Tag Archives: Spindletop

Water fuels the region, state economy

It’s been said for more than a century that the Spindletop oil boom in the Golden Triangle fueled the Texas economy. Pattillo Higgins’s gusher signaled a boom that knew no equal at the time.

That was then and there … way down yonder. Way up on the High Plains, water has been the fuel that runs the economic engine. On two, maybe three levels at that.

It irrigates our crops, giving farmers commodities to harvest and to feed the cattle that graze on the ranch land. It also quenches the thirst of we human beings who live here. And, yes, it provides recreational opportunities at places like, oh, Lake Meredith.

The lake’s national recreation area has recovered quite nicely from the bad ol’ days when the lake levels dropped to around 26 feet. Lake Meredith now stands at about 75 feet, attracting boaters, campers, fishermen and women, hikers, bikers, horseback riders.

Man, life is good at Lake Meredith these days.
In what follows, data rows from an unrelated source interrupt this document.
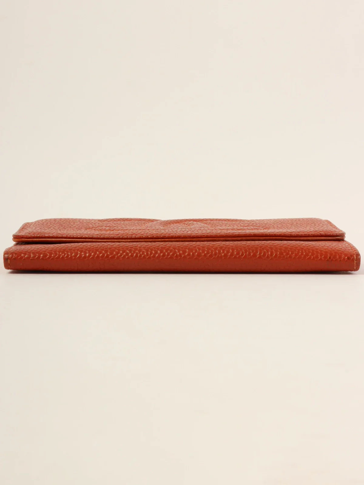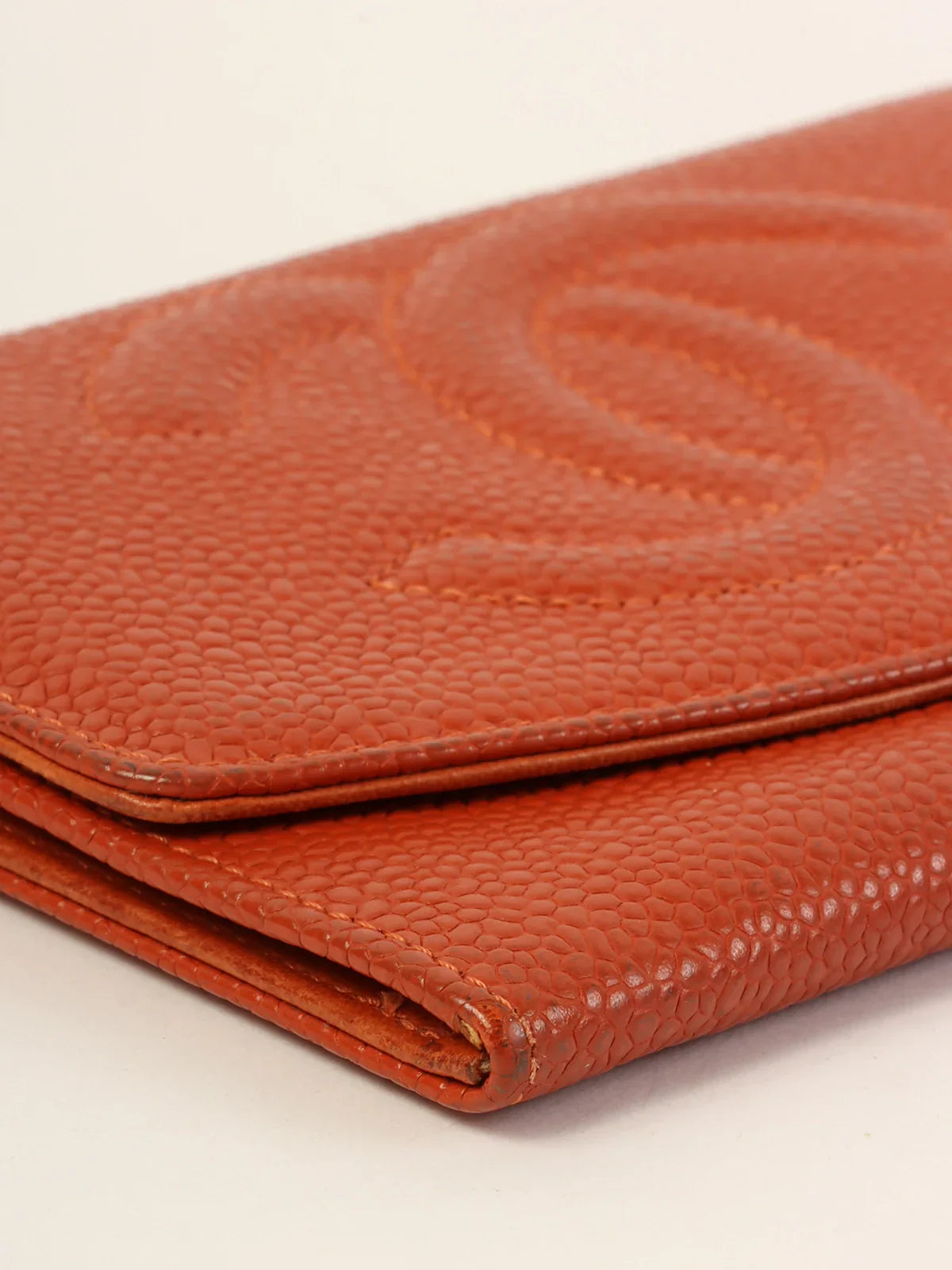 CHANEL Around 1998 Made Caviar Skin Cc Mark Stitch Wallet Orange
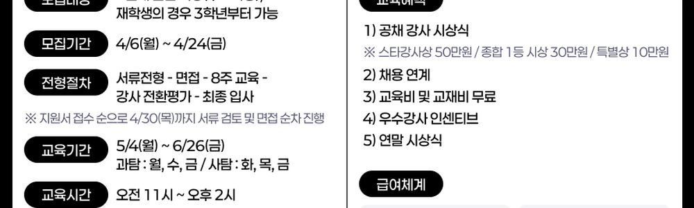 교육 수료 후 강사로 데뷔 할 수 있는 채용연계형 사과탐 교육 프로그램입니다.
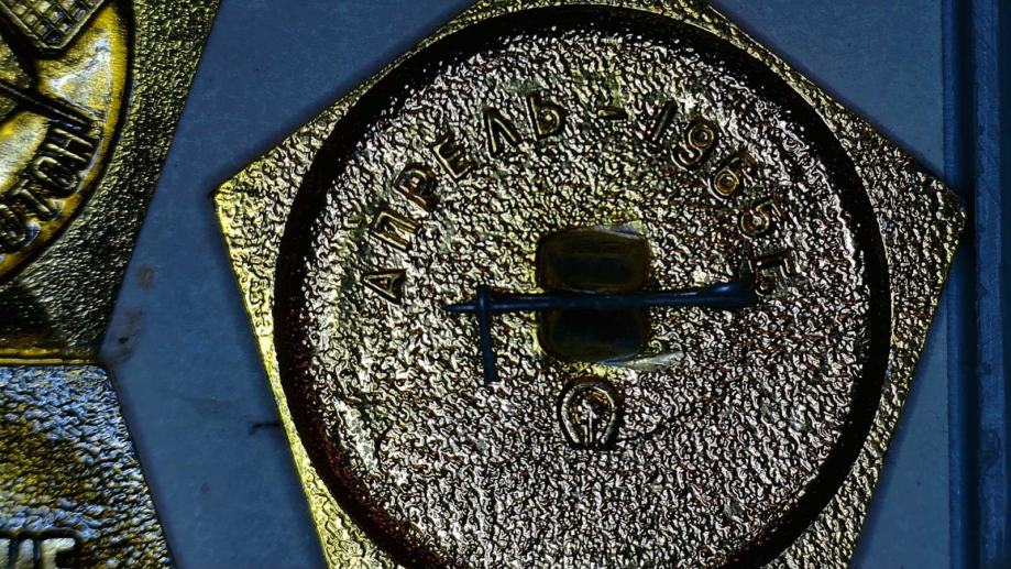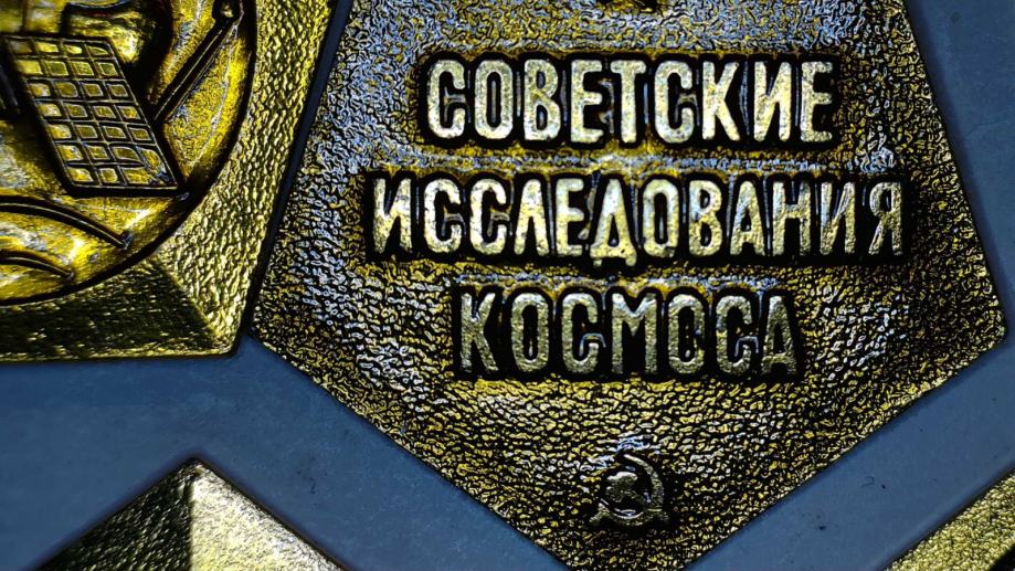 - Osrednja značka: "Советские исследования космоса" (Sovjetske raziskave vesolja)

As the Amarillo Globe-News reports: For the sixth consecutive year, the Lake Meredith National Recreation Area saw an increase in total visitor spending, job creation and economic output. There’s a direct correlation between the amount of people coming to the park and the amount of water in the lake, said Paul Jones, chief park ranger.
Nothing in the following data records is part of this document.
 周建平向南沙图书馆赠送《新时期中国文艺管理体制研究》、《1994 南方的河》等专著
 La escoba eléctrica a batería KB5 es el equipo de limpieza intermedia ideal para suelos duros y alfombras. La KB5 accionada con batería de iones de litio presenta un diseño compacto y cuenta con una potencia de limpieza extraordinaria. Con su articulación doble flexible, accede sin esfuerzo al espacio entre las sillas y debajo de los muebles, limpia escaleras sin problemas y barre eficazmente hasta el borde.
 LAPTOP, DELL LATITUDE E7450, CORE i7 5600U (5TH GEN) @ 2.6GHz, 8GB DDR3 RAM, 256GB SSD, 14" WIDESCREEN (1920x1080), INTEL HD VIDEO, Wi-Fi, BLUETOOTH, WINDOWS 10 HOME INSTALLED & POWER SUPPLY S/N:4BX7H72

Last year, 1.329 million people came to the lake to boat or fish or camp, according to a new report from the National Park Service. Jones, who has worked at Lake Meredith for 20 years, said, “back in the ’80s, it was rockin’.” He said it was common for 1.5 million visitors to trek to the lake annually.

Then the drought started, water levels dropped and crowds dried up.

The water has returned. So have the crowds. This spells good fortune for the Texas Panhandle.

Where did the water originate? We had a wetter-than-normal year in 2017, despite the dryness of the fourth quarter of the year. The front of the year produced enough precipitation upriver along the Canadian River to allow release of water from Ute Lake Dam, N.M., which then flowed into Lake Meredith.

To be honest, the shocking receding of water levels in 2011 gave me pause to wonder if the lake ever could recover. Silly me. My concern was misplaced.

One more thing: The value of water to our region’s economy — from agricultural, human consumption and recreational aspects — should tell us all that we need to protect it, guard it, cherish it for future generations to enjoy … and survive.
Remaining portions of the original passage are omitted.